Return verbatim every line from the first line of the data below to the line that contains "This is the", inclusive, and no further.
————
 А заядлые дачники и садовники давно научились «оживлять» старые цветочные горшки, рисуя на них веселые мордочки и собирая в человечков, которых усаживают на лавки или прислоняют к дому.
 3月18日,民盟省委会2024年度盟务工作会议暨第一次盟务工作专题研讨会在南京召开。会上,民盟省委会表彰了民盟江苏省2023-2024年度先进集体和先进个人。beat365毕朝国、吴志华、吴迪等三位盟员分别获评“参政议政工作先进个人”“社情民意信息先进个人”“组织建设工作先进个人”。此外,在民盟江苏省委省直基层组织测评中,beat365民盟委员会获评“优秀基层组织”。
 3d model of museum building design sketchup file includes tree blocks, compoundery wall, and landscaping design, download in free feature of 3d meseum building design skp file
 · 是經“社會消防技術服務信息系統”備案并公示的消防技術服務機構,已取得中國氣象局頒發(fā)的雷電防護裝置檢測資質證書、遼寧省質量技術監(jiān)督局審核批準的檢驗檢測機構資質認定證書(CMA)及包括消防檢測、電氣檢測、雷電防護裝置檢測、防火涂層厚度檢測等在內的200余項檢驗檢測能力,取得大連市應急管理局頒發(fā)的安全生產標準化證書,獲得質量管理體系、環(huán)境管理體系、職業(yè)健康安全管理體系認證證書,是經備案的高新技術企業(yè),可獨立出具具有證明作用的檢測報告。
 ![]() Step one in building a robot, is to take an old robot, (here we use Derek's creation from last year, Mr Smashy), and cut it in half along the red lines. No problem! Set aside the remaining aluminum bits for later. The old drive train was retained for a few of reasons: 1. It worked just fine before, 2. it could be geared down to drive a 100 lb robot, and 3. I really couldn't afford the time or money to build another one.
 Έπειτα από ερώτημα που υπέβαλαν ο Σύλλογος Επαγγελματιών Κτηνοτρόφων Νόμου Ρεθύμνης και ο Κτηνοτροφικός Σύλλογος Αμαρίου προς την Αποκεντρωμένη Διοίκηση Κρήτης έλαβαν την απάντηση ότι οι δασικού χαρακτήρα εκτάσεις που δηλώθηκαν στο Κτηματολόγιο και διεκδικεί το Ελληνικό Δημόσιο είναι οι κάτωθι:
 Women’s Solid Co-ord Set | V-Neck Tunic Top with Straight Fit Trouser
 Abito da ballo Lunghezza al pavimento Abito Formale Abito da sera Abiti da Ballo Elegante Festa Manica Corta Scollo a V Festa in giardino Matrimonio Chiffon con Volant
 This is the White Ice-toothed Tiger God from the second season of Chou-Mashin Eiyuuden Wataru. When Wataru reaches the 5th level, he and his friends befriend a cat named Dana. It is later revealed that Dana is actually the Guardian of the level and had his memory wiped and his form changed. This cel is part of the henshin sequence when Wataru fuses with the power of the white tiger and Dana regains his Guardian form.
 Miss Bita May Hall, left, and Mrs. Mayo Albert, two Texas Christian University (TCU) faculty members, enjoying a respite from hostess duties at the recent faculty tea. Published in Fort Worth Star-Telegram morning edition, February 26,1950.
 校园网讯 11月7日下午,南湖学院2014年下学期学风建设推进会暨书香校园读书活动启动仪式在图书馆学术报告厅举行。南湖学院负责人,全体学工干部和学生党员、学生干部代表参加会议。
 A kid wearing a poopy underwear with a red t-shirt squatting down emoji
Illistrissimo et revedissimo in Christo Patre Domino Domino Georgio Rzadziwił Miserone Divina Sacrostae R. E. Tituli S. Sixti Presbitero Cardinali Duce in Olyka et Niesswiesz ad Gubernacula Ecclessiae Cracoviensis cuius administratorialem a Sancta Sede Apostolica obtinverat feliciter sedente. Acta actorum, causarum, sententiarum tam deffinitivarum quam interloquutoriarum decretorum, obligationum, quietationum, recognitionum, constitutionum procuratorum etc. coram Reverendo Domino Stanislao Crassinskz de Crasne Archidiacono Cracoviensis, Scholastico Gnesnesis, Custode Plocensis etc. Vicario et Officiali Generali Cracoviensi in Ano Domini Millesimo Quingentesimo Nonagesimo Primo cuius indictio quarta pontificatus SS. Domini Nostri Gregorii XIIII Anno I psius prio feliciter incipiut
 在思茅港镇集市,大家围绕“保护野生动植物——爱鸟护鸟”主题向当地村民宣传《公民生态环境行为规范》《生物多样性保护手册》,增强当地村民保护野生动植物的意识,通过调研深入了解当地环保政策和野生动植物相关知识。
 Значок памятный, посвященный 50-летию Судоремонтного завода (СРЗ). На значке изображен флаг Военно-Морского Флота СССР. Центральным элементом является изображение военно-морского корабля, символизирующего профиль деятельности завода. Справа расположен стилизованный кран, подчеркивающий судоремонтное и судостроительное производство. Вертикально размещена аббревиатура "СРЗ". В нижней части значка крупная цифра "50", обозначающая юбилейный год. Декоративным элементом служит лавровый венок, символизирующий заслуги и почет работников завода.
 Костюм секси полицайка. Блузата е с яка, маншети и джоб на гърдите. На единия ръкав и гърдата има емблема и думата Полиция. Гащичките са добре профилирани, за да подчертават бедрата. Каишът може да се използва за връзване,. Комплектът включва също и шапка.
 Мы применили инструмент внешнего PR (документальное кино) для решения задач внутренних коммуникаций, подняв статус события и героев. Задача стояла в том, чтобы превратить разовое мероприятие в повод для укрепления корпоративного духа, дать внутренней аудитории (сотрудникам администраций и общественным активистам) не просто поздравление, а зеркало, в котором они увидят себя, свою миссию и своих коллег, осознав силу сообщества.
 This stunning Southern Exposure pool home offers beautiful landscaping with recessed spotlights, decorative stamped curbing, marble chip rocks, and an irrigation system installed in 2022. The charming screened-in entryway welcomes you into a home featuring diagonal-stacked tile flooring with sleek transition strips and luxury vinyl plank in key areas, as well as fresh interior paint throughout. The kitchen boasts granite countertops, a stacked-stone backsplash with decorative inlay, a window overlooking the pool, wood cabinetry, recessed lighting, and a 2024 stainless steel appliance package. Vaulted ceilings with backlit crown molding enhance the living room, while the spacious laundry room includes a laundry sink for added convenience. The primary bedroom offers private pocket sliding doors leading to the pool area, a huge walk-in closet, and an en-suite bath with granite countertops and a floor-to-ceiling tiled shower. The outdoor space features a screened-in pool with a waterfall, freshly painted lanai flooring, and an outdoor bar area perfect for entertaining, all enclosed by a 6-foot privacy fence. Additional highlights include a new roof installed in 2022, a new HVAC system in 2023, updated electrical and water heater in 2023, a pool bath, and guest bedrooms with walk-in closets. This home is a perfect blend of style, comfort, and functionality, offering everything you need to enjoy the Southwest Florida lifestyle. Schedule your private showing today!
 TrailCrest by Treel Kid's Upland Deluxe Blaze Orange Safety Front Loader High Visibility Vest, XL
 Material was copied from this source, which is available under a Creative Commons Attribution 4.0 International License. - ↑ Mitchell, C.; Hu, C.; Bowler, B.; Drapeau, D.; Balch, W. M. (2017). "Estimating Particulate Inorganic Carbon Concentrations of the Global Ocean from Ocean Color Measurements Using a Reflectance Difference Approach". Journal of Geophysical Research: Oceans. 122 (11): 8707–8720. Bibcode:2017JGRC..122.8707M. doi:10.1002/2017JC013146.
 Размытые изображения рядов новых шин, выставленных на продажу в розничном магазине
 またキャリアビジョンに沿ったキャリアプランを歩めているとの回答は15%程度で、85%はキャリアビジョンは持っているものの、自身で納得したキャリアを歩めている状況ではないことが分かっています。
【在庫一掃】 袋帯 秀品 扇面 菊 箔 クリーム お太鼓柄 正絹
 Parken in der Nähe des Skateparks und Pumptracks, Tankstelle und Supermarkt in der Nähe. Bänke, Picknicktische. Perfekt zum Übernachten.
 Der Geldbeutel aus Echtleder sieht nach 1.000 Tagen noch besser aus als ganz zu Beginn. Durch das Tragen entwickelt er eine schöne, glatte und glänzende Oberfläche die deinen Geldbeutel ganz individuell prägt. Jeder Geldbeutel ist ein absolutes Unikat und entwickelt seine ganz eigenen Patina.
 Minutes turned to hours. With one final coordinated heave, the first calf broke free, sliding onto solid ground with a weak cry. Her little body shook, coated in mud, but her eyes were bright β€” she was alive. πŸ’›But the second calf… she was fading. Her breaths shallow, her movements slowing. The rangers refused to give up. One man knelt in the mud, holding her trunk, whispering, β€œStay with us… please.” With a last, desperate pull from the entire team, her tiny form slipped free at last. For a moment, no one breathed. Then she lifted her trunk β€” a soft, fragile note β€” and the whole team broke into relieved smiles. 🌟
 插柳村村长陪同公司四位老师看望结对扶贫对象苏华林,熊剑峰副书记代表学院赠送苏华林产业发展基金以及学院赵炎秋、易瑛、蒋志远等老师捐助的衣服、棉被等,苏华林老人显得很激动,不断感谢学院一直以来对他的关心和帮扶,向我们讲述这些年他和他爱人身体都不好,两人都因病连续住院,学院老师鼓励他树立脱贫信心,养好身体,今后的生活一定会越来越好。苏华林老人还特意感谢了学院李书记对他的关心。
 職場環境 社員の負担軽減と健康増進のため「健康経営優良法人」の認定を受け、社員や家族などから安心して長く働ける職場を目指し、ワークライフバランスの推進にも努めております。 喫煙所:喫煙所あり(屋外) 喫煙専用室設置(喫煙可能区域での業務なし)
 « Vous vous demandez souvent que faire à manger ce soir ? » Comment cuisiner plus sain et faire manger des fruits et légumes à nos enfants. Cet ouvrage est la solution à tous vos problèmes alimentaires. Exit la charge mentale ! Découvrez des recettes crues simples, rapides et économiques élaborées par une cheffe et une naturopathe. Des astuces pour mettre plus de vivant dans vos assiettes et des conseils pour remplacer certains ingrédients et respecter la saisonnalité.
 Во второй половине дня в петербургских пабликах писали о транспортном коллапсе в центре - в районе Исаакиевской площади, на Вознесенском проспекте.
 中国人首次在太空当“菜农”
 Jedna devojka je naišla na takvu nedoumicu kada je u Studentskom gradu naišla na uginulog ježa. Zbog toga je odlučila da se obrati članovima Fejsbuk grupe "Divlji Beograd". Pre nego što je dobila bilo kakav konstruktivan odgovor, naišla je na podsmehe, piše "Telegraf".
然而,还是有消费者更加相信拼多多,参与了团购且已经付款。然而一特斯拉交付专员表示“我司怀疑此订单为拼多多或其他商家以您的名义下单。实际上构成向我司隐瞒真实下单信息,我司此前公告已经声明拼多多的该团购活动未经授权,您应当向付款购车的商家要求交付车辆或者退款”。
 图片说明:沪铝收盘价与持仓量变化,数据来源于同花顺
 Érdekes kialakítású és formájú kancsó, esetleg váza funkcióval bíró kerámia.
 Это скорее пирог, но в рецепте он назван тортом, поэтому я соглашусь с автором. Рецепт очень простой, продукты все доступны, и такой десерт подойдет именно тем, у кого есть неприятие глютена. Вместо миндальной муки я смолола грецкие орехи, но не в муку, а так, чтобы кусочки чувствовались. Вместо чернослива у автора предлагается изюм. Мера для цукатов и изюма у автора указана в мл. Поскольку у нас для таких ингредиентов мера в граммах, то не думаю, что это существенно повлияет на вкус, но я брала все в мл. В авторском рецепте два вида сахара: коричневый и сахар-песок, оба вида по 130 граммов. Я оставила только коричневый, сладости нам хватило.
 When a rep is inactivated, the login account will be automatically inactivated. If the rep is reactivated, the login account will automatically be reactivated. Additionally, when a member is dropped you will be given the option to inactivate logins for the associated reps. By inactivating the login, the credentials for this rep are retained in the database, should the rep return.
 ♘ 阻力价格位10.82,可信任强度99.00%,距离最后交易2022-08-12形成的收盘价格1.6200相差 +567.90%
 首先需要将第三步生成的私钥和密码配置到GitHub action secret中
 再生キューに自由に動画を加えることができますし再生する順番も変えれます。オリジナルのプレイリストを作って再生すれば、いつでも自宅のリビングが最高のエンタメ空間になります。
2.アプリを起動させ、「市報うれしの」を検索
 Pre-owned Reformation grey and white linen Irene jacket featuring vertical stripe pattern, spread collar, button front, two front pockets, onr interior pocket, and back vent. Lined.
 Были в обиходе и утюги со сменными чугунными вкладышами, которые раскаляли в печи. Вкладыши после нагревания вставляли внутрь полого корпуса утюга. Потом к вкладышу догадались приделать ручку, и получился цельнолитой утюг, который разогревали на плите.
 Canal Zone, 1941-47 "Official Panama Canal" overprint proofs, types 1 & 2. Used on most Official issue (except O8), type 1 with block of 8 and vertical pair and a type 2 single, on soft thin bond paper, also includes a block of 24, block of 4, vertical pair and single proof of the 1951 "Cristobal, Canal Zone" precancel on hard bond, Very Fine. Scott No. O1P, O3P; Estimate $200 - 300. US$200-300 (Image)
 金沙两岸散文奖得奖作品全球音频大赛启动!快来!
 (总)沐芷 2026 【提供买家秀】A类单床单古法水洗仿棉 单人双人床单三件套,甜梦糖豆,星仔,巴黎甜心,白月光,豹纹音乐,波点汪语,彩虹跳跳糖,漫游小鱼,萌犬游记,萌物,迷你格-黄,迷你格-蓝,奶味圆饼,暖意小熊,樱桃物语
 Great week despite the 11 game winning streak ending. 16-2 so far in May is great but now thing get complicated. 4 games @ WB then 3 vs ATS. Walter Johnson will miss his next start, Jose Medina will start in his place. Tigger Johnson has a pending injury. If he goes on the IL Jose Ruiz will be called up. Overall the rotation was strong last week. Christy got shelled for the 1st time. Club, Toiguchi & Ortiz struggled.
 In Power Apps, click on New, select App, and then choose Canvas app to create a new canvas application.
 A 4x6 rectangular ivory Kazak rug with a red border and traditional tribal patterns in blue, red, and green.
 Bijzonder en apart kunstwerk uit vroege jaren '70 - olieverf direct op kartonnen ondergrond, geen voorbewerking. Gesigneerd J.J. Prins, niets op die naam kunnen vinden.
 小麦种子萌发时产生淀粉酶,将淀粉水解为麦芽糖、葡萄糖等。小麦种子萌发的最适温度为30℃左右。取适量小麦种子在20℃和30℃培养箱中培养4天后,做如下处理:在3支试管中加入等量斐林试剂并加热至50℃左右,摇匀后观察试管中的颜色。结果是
————
▶ **RESPONSE TO THIS TASK**:
 А заядлые дачники и садовники давно научились «оживлять» старые цветочные горшки, рисуя на них веселые мордочки и собирая в человечков, которых усаживают на лавки или прислоняют к дому.
 3月18日,民盟省委会2024年度盟务工作会议暨第一次盟务工作专题研讨会在南京召开。会上,民盟省委会表彰了民盟江苏省2023-2024年度先进集体和先进个人。beat365毕朝国、吴志华、吴迪等三位盟员分别获评“参政议政工作先进个人”“社情民意信息先进个人”“组织建设工作先进个人”。此外,在民盟江苏省委省直基层组织测评中,beat365民盟委员会获评“优秀基层组织”。
 3d model of museum building design sketchup file includes tree blocks, compoundery wall, and landscaping design, download in free feature of 3d meseum building design skp file
 · 是經“社會消防技術服務信息系統”備案并公示的消防技術服務機構,已取得中國氣象局頒發(fā)的雷電防護裝置檢測資質證書、遼寧省質量技術監(jiān)督局審核批準的檢驗檢測機構資質認定證書(CMA)及包括消防檢測、電氣檢測、雷電防護裝置檢測、防火涂層厚度檢測等在內的200余項檢驗檢測能力,取得大連市應急管理局頒發(fā)的安全生產標準化證書,獲得質量管理體系、環(huán)境管理體系、職業(yè)健康安全管理體系認證證書,是經備案的高新技術企業(yè),可獨立出具具有證明作用的檢測報告。
 ![]() Step one in building a robot, is to take an old robot, (here we use Derek's creation from last year, Mr Smashy), and cut it in half along the red lines. No problem! Set aside the remaining aluminum bits for later. The old drive train was retained for a few of reasons: 1. It worked just fine before, 2. it could be geared down to drive a 100 lb robot, and 3. I really couldn't afford the time or money to build another one.
 Έπειτα από ερώτημα που υπέβαλαν ο Σύλλογος Επαγγελματιών Κτηνοτρόφων Νόμου Ρεθύμνης και ο Κτηνοτροφικός Σύλλογος Αμαρίου προς την Αποκεντρωμένη Διοίκηση Κρήτης έλαβαν την απάντηση ότι οι δασικού χαρακτήρα εκτάσεις που δηλώθηκαν στο Κτηματολόγιο και διεκδικεί το Ελληνικό Δημόσιο είναι οι κάτωθι:
 Women’s Solid Co-ord Set | V-Neck Tunic Top with Straight Fit Trouser
 Abito da ballo Lunghezza al pavimento Abito Formale Abito da sera Abiti da Ballo Elegante Festa Manica Corta Scollo a V Festa in giardino Matrimonio Chiffon con Volant
 This is the White Ice-toothed Tiger God from the second season of Chou-Mashin Eiyuuden Wataru. When Wataru reaches the 5th level, he and his friends befriend a cat named Dana. It is later revealed that Dana is actually the Guardian of the level and had his memory wiped and his form changed. This cel is part of the henshin sequence when Wataru fuses with the power of the white tiger and Dana regains his Guardian form.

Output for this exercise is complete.